The examples of Fig. 3 give a sense of the physical constraints that delineate the regime of coherent locomotion accessible from rest. We have quantified this further by scanning the (Re_fr, ρ_b/ρ) parameter space for a 10:1 body aspect ratio (Fig. 4). As expected, below a transition Re_fr (apparently independent of ρ_b/ρ) we find that the state of no horizontal motion is apparently stable (Movie 4, which is published as supporting information on the PNAS web site). Above the transition Re_fr there is an intermediate region in which the body does not coherently locomote, but engages in a variety of periodic, quasi-periodic, or apparently chaotic dynamics. The periodic dynamics (Movie 5, which is published as supporting information on the PNAS web site) consist of regular horizontal oscillations, typically locked to a multiple of the flapping period. For small mass ratios, an increase in Re_fr brings a progressive loss of periodicity, leading to the irregular dynamics exemplified by Fig. 3C. For larger mass ratios, an increase of Re_fr leads to a locomoting state that shows decreased St with increased Re_fr (consistent with Fig. 2 Inset). Increasing the aspect ratio of the body decreases the ranges, in both Re_fr and ρ_b/ρ, of the various nonlocomoting states, and eases the transition to locomotion.

These results demonstrate how locomotion can arise “naturally” as an attracting dynamical state. We find that the interaction of the body with previously shed vortices can both enhance thrust during locomotion and provide the initial thrust that drives the body into locomotion. It has been conjectured that hovering insects enjoy enhanced lift because of the collision of their wings with previously shed vortices (16). Elaborations of our study include questions about the consequence of an attached and towed body (whose effect is approximated in the mass of the flapping wing), optimality in wing shapes and motions to obtain locomotion (including explicitly broken fore-aft symmetry), and the dynamics of bodies with purely internal forcing. The general 3D case introduces additional degrees of freedom that make the problem far more complex than we have considered here.
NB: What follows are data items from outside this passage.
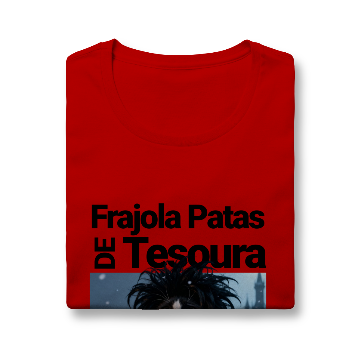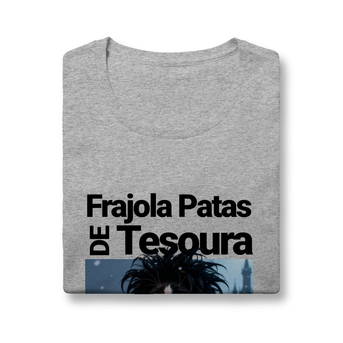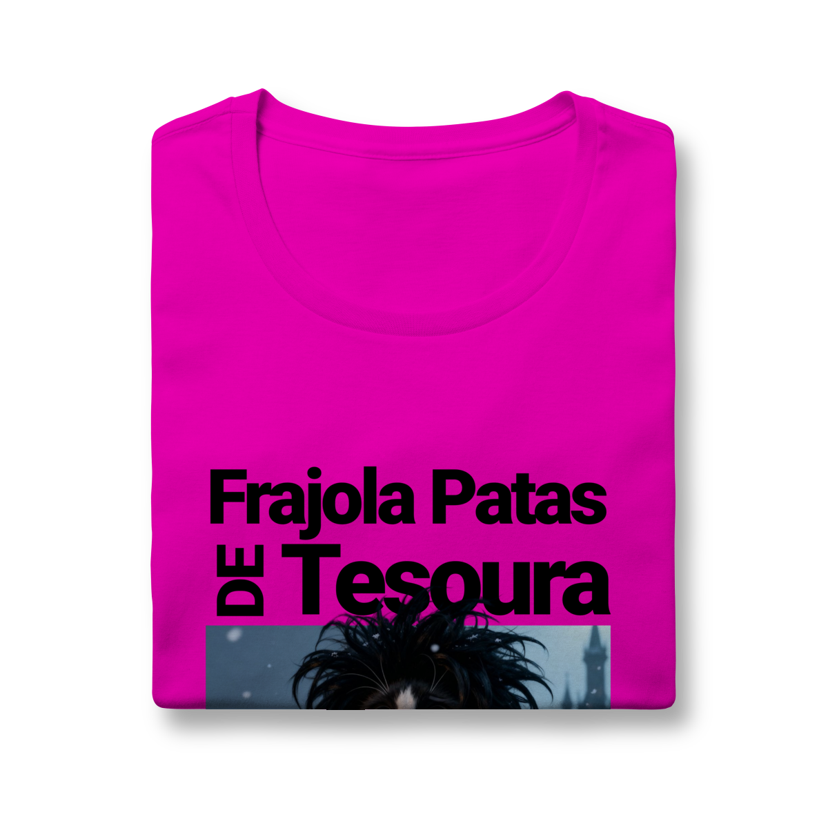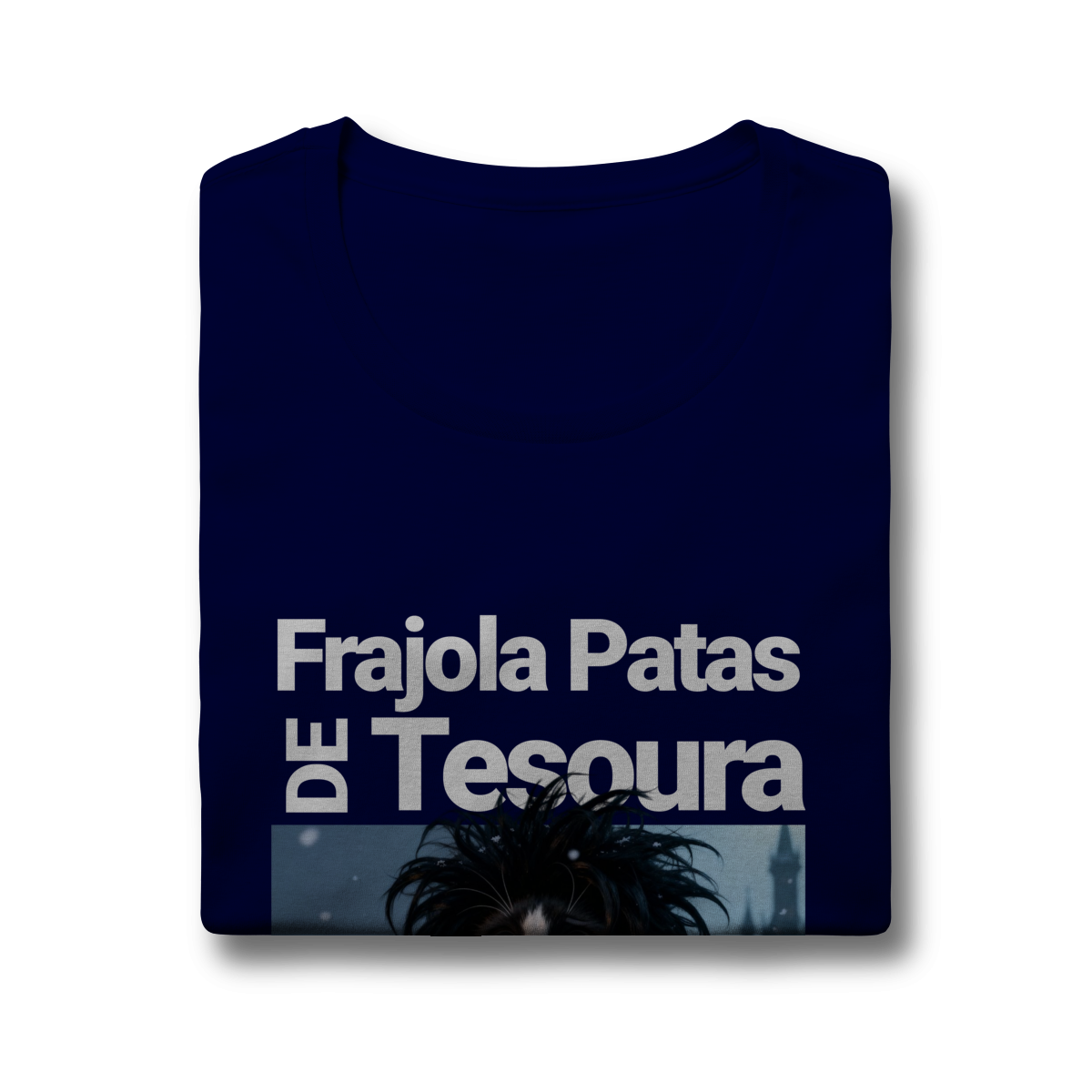 A camiseta “Frajola Patas de Tesoura” traz uma releitura divertida e estilizada do clássico personagem de tesouras — só que agora reinventado como um gatinho dramático, fofo e cheio de personalidade.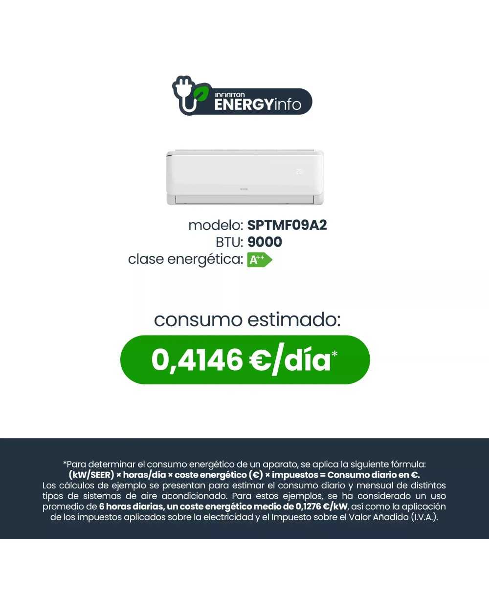 El modelo INFINITON SPTMF09A2 es una solución compacta, eficiente y versátil para climatizar estancias de tamaño medio, como salones, dormitorios u oficinas de hasta 20 m². Gracias a su tecnología Inverter, este split ajusta la potencia de funcionamiento de forma continua, lo que se traduce en un menor consumo energético, mayor durabilidad del compresor y un ambiente más estable.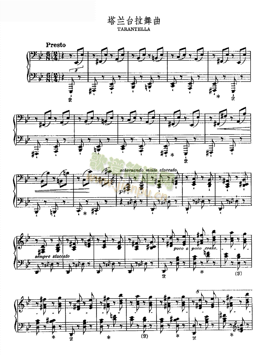 塔兰台拉舞曲 键盘类 钢琴免费钢琴谱_五线谱:F·李斯特 点击: 1000 图片可能经过缩放,手机长按或点开后长按保存,电脑鼠标右键保存.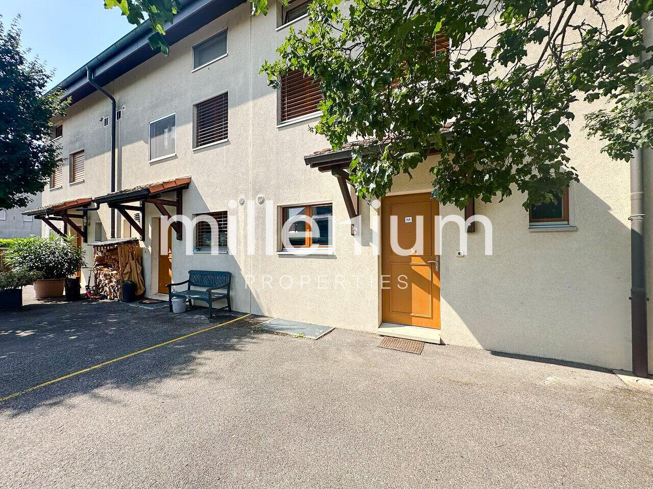 Cette villa mitoyenne de 232 m2 utile est située dans un lotissement de la commune de Chancy, au calme de la campagne genevoise.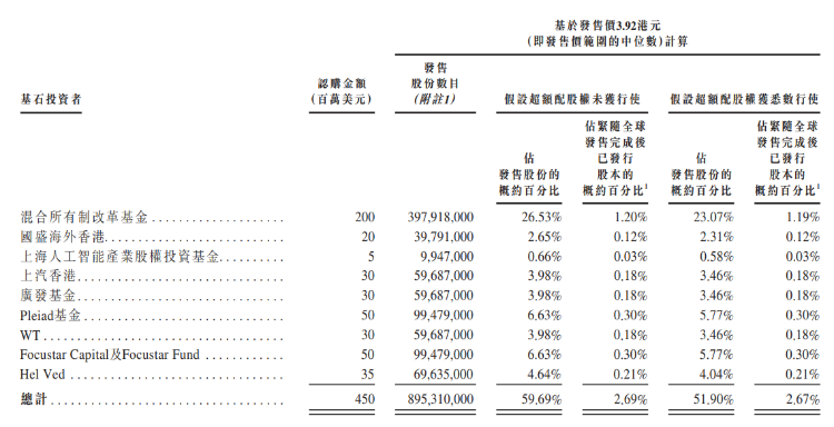 本次引入9名基石投资者,包括中国国有企业结构调整基金、国盛集团、上海人工智能产业投资基金、上汽集团、广发基金、Pleiad Funds、WT Funds、Focustar Fund及Hel Ved Capital,合共投资4.5亿美元,以招股价下限计占集资规模约60%。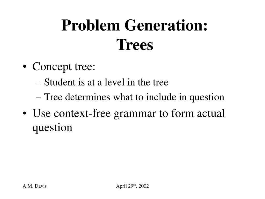 Problem Generation:Trees • Concept tree: • Student is at a level in the tree • Tree determines what to include in question • Use context-free grammar to form actual question April 29th, 2002
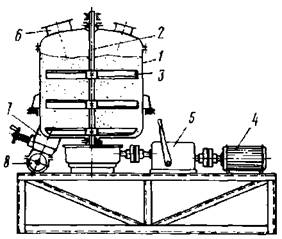 6 - крышка смесителя; 7 - рычаг заслонки; 8 - выгрузной патрубок;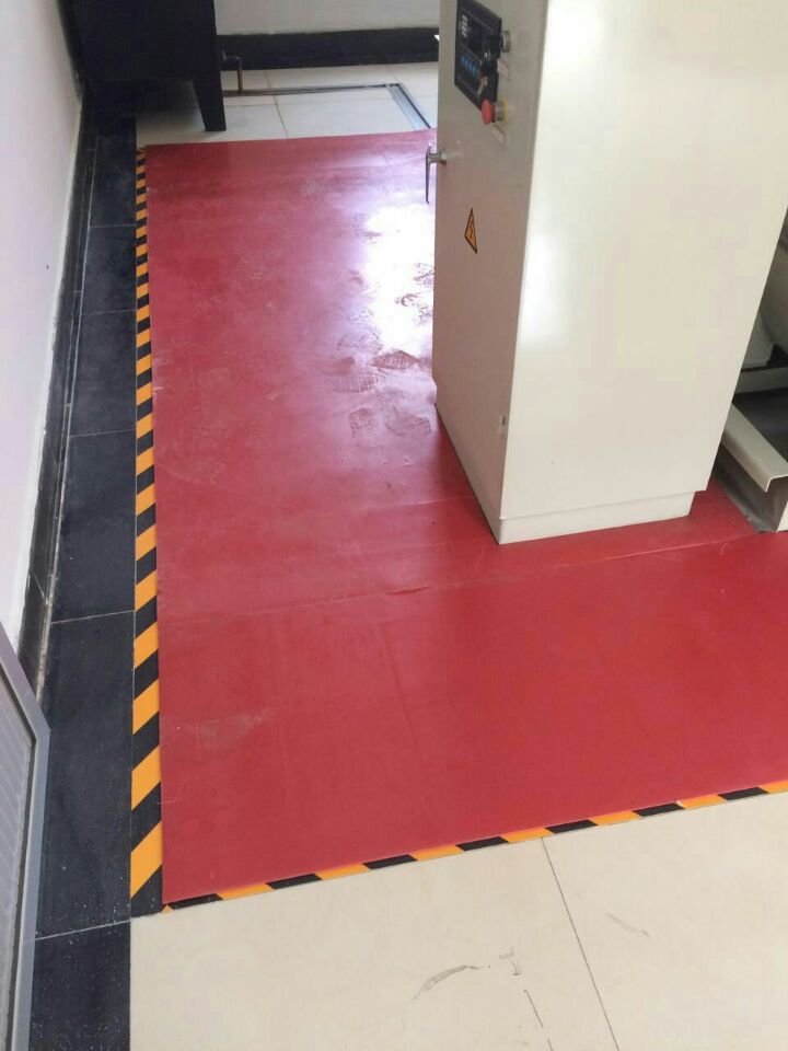 3、黑色絕緣膠墊普通地板磚地面,可以通過黃黑絕緣膠帶(絕緣漆)或反光膠帶進行固定,看起來層次分明,整體風格有很大的提升,如下圖: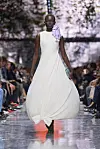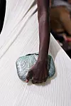Visningen åpnet med en trio av lange, plisserte virvler av stoff i svart, hvitt og oransje – former som tok inspirasjon fra keramikeren Magdalene Odundos kurvede leirkar. Anderson har lenge samarbeidet med den kenyanske kunstneren, også under sin tid hos Loewe.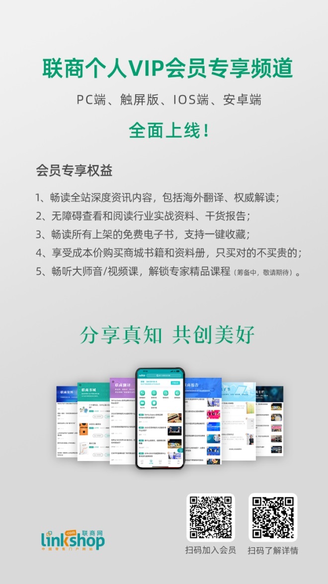 基于此,去年年底,聯(lián)商網(wǎng)推出了面向個人會員的服務(wù)體系。在“分享真知,共創(chuàng)美好”的slogan指引下,全新創(chuàng)立的聯(lián)商個人VIP會員專享頻道設(shè)立了聯(lián)商翻譯、聯(lián)商專欄、聯(lián)商資料、聯(lián)商報告、電子書、聯(lián)商書城等板塊,力求為用戶提供更專業(yè)、更有份量、更具價值的服務(wù)。在這里,會員可以暢讀全站深度文章、行業(yè)實(shí)戰(zhàn)資料、干貨報告等精選內(nèi)容,我們更為每一位會員提供一對一專屬服務(wù),并不間斷為會員創(chuàng)造各項(xiàng)驚喜福利。
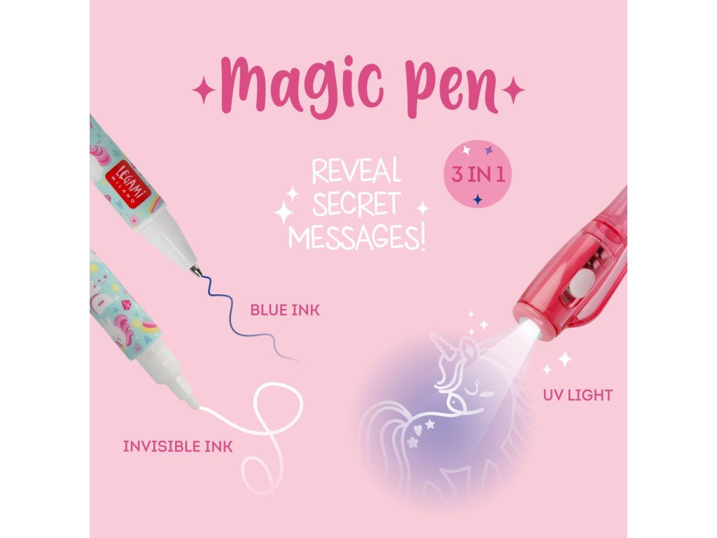 Der unsichtbare Stift Legami Invisible Ink Pen Magic Pen Unicorn ist ideal für alle kleinen Geheimniskrämer. Was Sie schreiben, bleibt verborgen, bis Sie den Text mit einer speziellen Lampe am Ende des Stifts beleuchten. Und dann wird Ihr Geheimnis auf magische Weise enthüllt.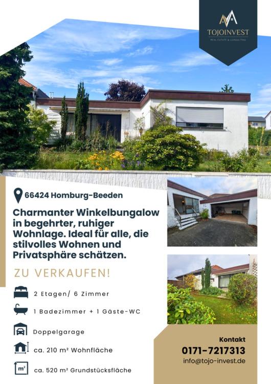 Sie befinden sich hier: Großzügiger Winkelbungalow (210 m²) in Top-Lage von Homburg in Homburg - 3352022307-208-372 | 1A-Immobilienmarkt.de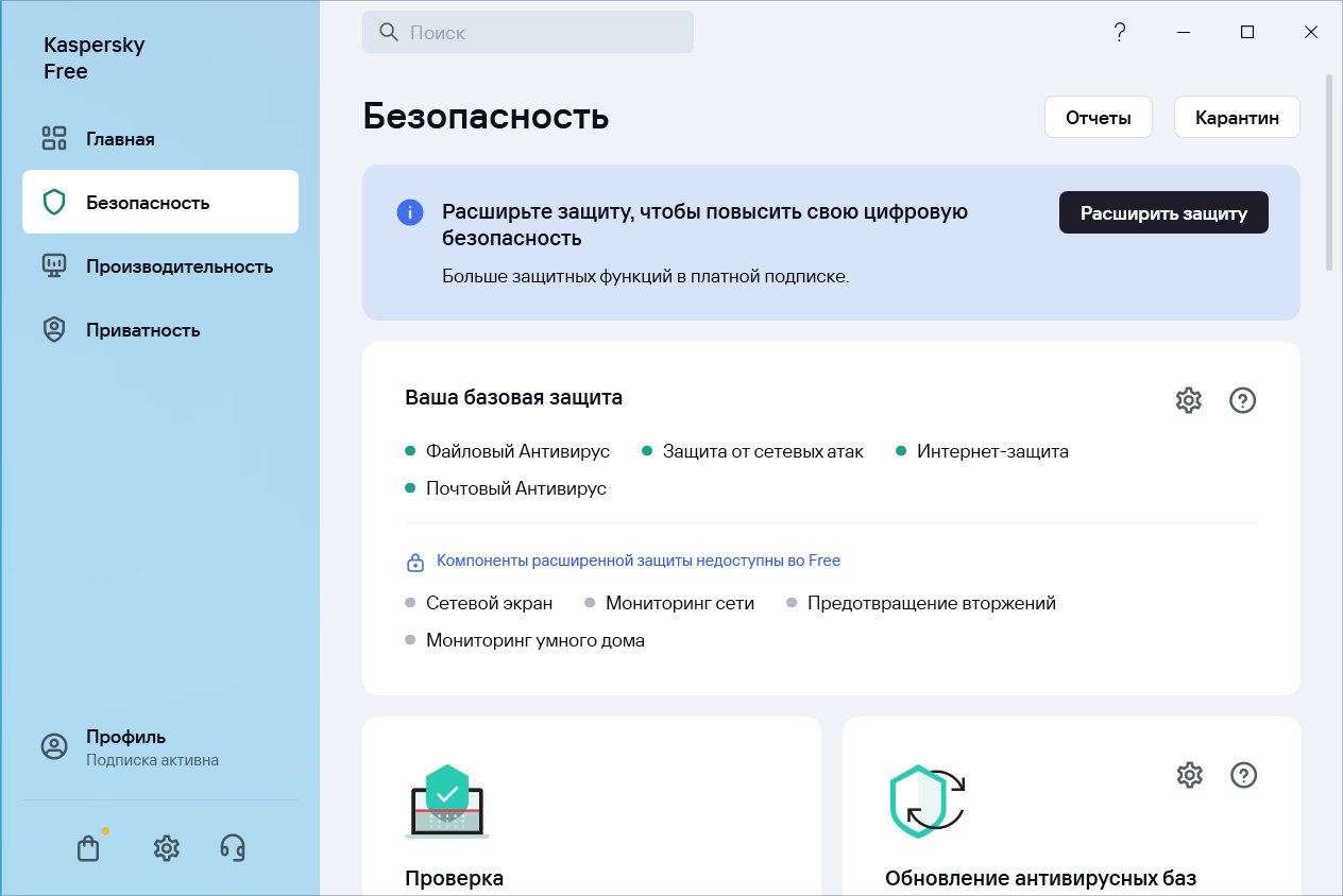 Основные возможности Kaspersky Free:

However, simulations of 2D flapping airfoils undergoing prescribed motions can show good quantitative agreement with experimental studies of 3D finite-span wings, for the case when the vortex shedding is induced primarily by the reversal of the stroke direction (17), as it is in the present study. Complementary to the present study are recent numerical studies (4, 5) for flapping bodies whose translational motion is specified, and which identify a moderate Reynolds number below which thrust forces rapidly decrease. Our results show that spontaneous rotation of a flapped, axle-mounted wing seen in experiment (18) is observed in the more physically relevant regime of translation and demonstrate the critical effects of body mass and shape. Our study suggests, too, that the higher critical flapping frequency and the subcritical, hysteretic transition to rotation observed in the experiment may have resulted from axle-bearing friction. Taken together, those studies (4, 5, 18) and ours may also provide a fluid-dynamical explanation as to why some organisms change their locomotory strategy with increases in swimming speed [e.g., the mollusk Clione antarctica moves from using ciliary bands to flapping wings (19)] and suggest one possible origin of animal locomotion through the interaction of an oscillating body or appendage with its fluid environment.